From the line with "中標喜訊-濕地公園南岸、護岸" to the line with "Panasonic LED¥Ú¥ó¥À¥ó¥È¥é¥¤¥È LGB10812BLG1", retype every line exactly, including those two, and leave out the rest of the data below.

[Opening TASK INPUTS section]

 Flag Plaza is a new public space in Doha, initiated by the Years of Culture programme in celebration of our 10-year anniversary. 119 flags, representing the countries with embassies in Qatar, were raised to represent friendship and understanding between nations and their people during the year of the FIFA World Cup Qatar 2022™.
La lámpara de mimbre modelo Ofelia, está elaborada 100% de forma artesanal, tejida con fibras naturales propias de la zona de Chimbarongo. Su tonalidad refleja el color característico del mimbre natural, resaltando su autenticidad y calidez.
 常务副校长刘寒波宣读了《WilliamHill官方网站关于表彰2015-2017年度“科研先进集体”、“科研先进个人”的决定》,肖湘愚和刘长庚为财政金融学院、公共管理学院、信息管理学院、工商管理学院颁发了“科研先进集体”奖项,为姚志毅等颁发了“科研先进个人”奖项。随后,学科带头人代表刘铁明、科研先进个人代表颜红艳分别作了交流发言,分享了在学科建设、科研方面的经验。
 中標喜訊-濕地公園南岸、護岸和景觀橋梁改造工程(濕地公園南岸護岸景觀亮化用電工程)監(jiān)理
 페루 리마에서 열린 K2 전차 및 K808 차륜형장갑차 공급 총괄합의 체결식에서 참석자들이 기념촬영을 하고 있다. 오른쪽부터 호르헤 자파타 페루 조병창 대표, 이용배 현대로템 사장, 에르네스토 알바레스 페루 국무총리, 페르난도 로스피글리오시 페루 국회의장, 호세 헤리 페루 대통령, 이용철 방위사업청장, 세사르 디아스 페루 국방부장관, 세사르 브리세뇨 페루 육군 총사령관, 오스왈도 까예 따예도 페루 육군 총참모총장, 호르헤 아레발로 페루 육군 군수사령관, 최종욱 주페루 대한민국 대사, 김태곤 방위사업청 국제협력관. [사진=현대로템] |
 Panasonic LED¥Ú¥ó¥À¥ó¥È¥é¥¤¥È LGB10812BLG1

[Closing TASK INPUTS section]
[Opening TASK INPUTS section]

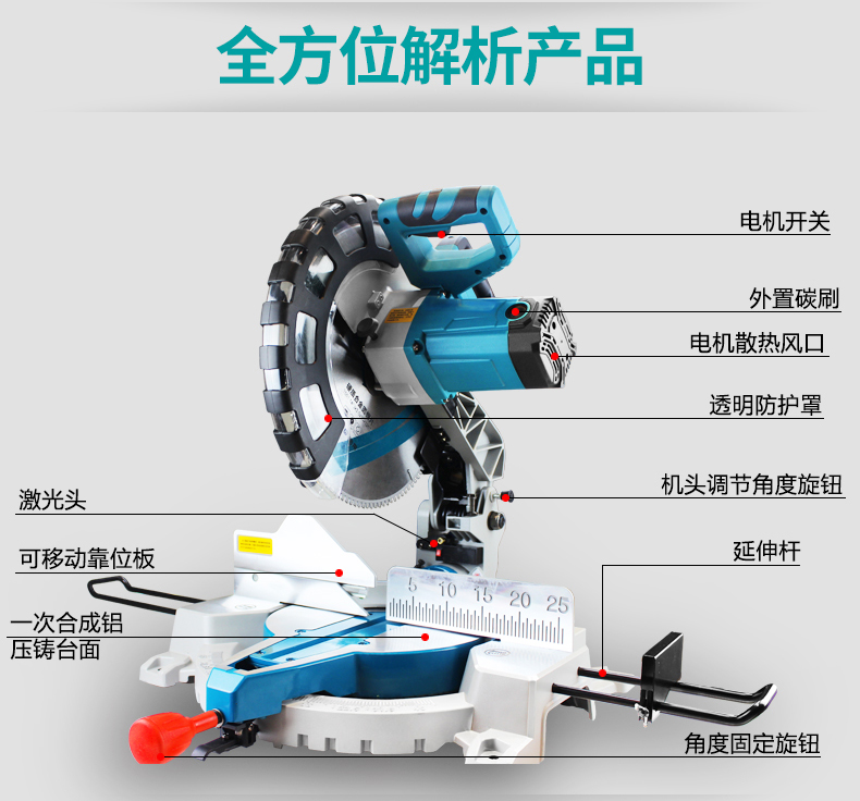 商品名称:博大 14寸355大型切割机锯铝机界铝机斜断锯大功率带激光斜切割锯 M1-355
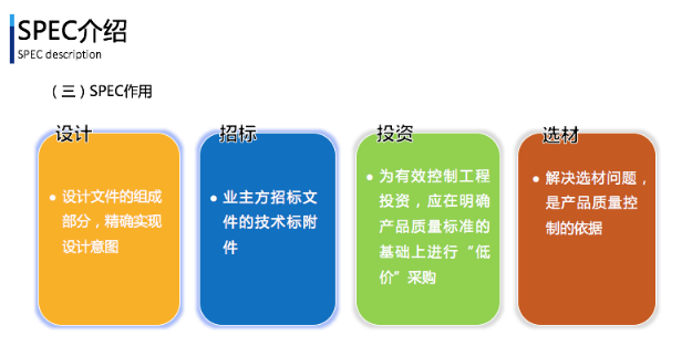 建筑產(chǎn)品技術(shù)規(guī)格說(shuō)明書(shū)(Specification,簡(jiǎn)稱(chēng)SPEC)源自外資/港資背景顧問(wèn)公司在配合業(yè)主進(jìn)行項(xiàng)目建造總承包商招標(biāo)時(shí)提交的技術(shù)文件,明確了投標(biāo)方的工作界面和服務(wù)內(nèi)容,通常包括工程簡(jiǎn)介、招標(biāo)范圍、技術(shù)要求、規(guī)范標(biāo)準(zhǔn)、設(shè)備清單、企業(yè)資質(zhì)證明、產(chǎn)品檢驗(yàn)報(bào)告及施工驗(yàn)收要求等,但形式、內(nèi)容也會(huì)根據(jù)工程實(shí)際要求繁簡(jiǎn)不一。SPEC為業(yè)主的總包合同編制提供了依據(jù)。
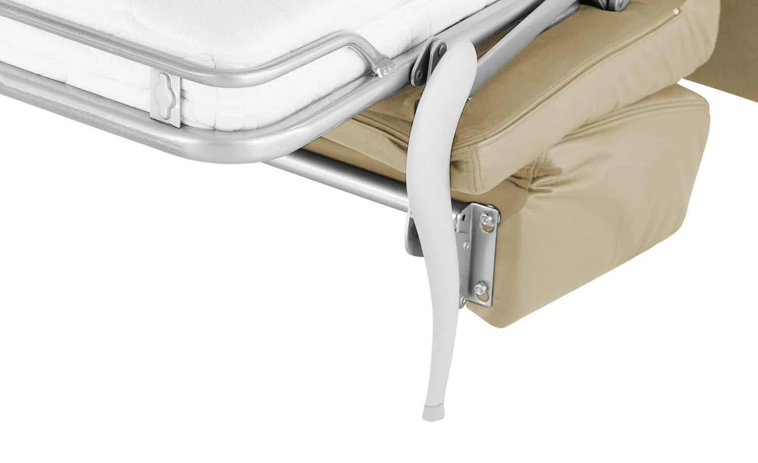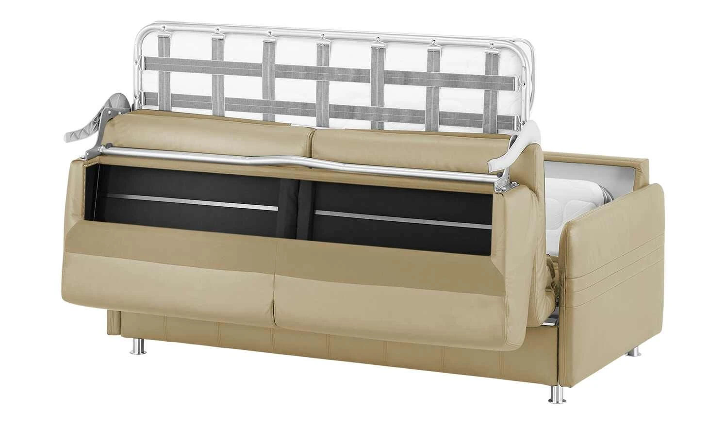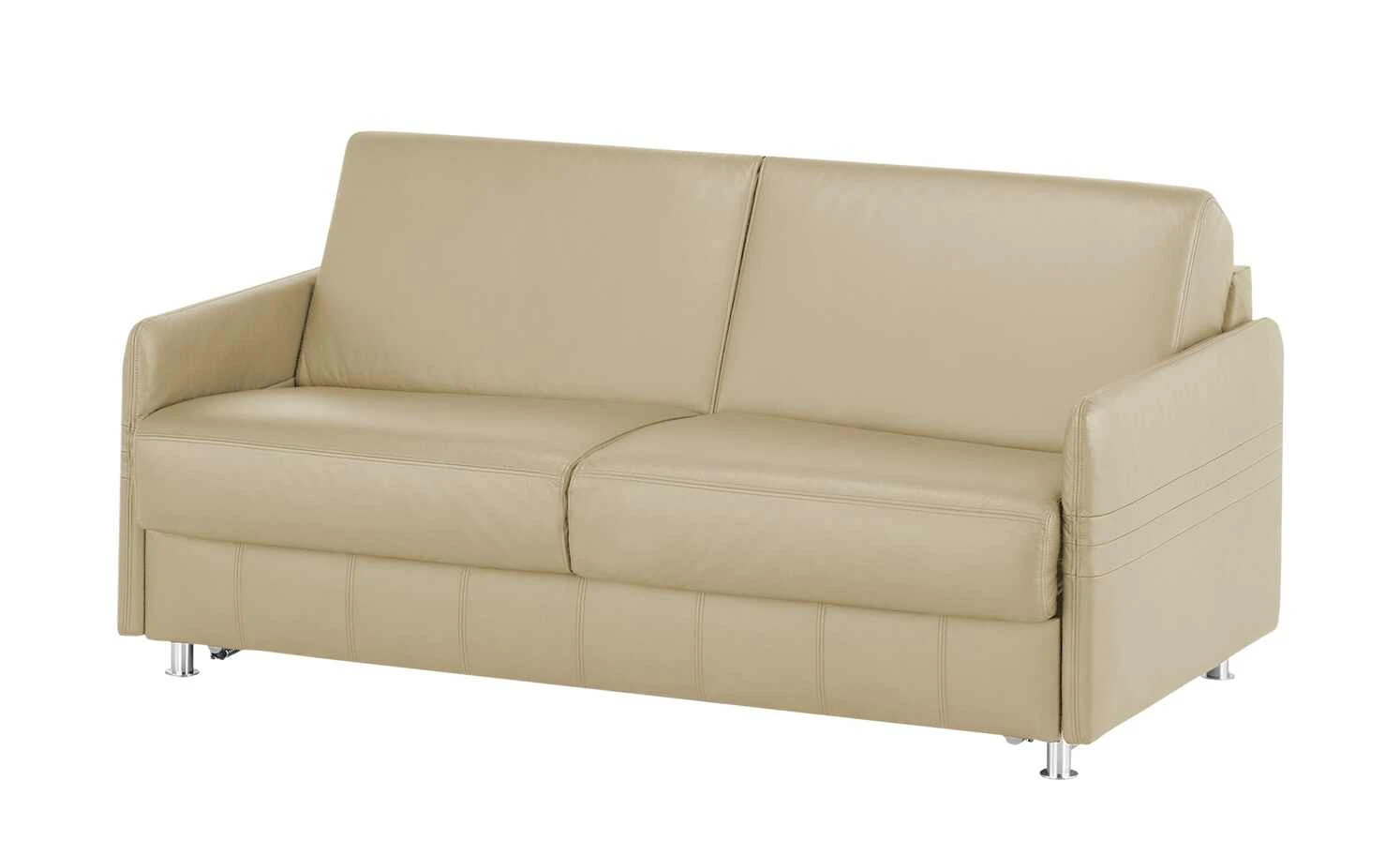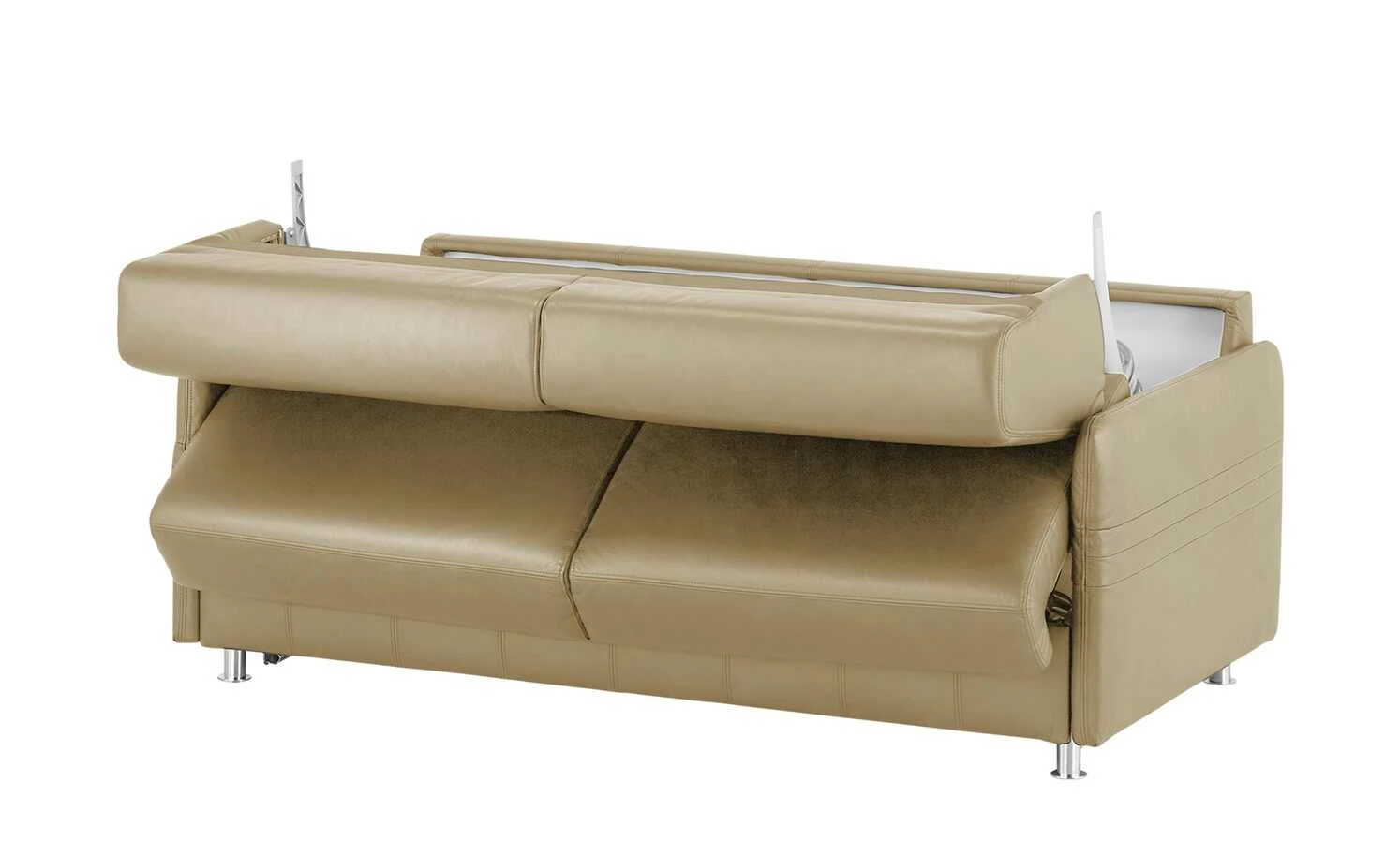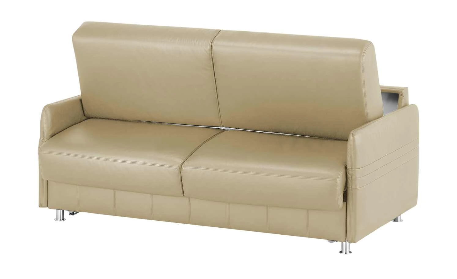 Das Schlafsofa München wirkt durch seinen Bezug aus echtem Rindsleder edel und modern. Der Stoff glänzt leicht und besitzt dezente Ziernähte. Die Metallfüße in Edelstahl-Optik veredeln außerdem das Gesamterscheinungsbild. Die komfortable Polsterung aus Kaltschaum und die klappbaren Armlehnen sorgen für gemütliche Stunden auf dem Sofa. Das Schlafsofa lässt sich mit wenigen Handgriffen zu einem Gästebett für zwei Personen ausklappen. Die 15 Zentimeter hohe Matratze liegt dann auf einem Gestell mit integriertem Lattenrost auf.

[Closing TASK INPUTS section]
[Opening TASK INPUTS section]

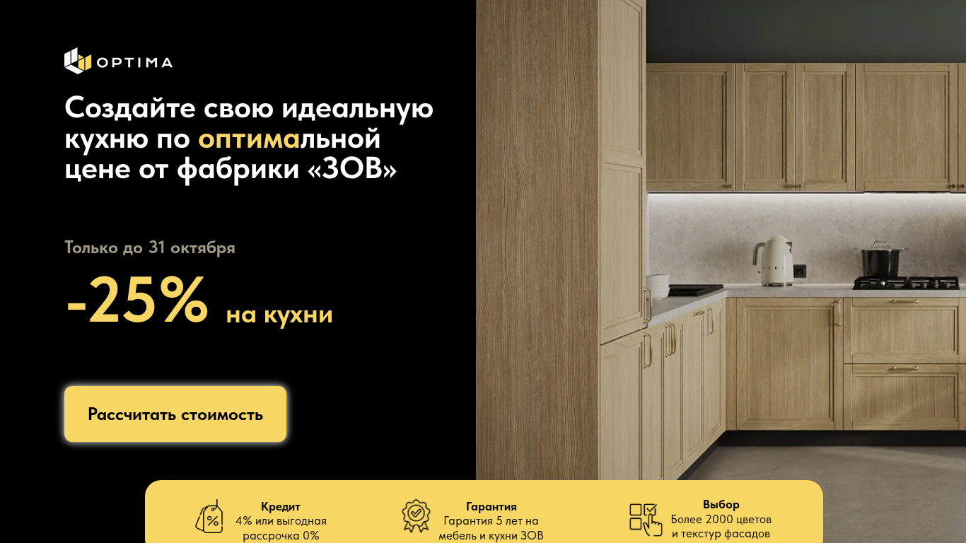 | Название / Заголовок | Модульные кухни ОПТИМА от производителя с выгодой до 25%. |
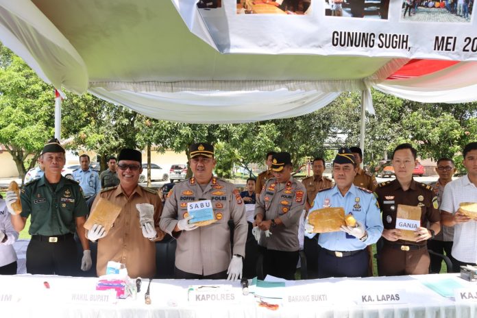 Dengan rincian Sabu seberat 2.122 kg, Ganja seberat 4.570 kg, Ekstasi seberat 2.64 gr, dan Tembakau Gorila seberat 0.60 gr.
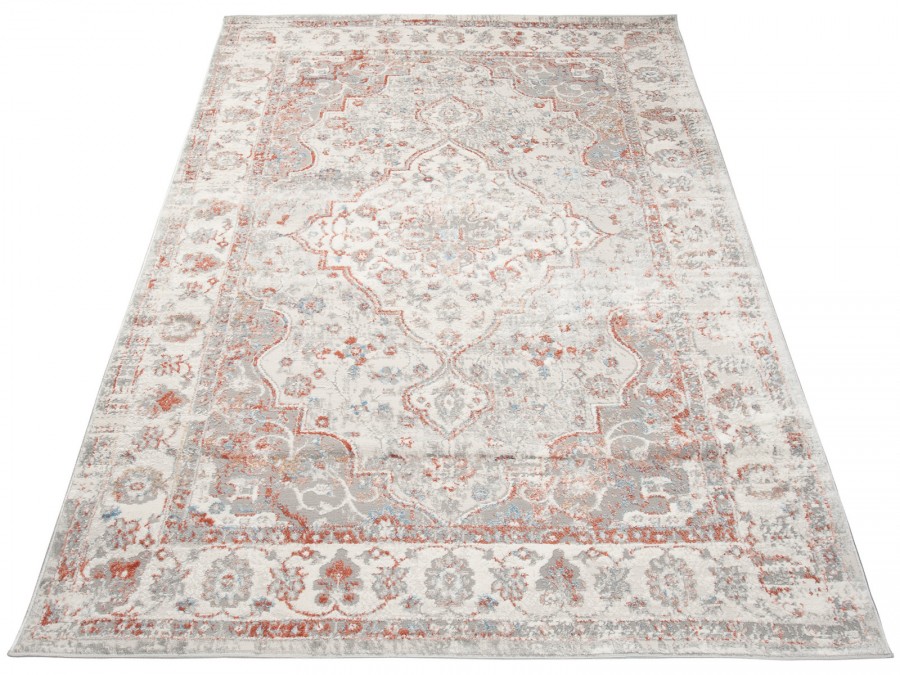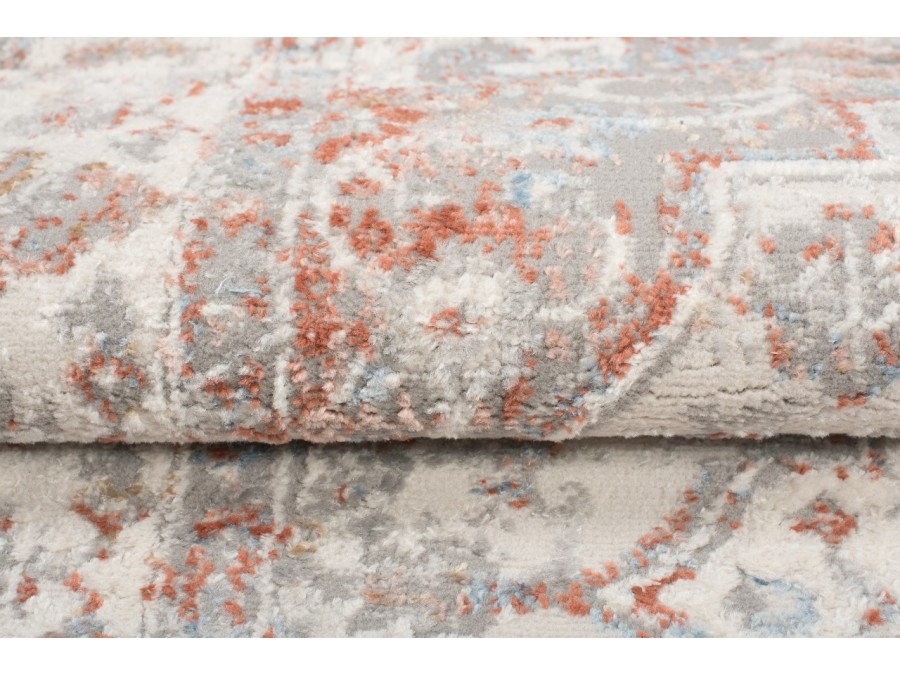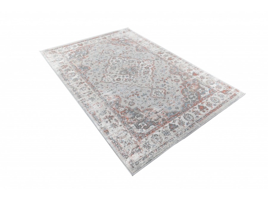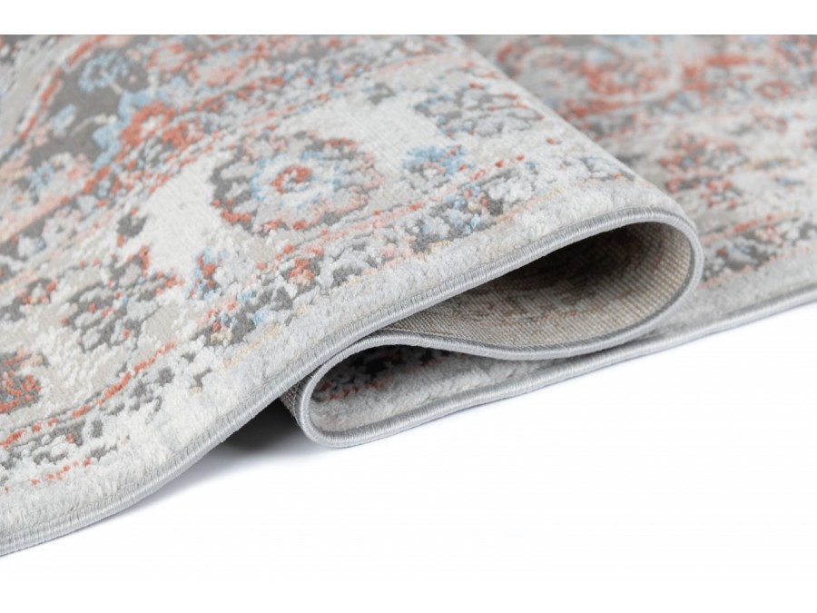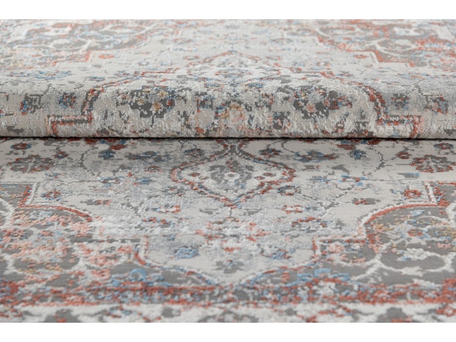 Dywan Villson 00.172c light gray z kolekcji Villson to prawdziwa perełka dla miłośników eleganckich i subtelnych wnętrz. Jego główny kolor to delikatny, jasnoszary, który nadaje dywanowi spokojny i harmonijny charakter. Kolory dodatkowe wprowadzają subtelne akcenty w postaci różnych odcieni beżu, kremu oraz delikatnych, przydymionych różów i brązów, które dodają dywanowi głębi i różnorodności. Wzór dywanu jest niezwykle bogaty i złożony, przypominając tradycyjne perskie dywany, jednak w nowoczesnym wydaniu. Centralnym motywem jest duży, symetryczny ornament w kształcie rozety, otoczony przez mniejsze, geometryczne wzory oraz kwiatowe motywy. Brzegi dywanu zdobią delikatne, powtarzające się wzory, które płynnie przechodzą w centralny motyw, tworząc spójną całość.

[Closing TASK INPUTS section]

SOLUTION TO THIS EXERCISE:
 中標喜訊-濕地公園南岸、護岸和景觀橋梁改造工程(濕地公園南岸護岸景觀亮化用電工程)監(jiān)理
 페루 리마에서 열린 K2 전차 및 K808 차륜형장갑차 공급 총괄합의 체결식에서 참석자들이 기념촬영을 하고 있다. 오른쪽부터 호르헤 자파타 페루 조병창 대표, 이용배 현대로템 사장, 에르네스토 알바레스 페루 국무총리, 페르난도 로스피글리오시 페루 국회의장, 호세 헤리 페루 대통령, 이용철 방위사업청장, 세사르 디아스 페루 국방부장관, 세사르 브리세뇨 페루 육군 총사령관, 오스왈도 까예 따예도 페루 육군 총참모총장, 호르헤 아레발로 페루 육군 군수사령관, 최종욱 주페루 대한민국 대사, 김태곤 방위사업청 국제협력관. [사진=현대로템] |
 Panasonic LED¥Ú¥ó¥À¥ó¥È¥é¥¤¥È LGB10812BLG1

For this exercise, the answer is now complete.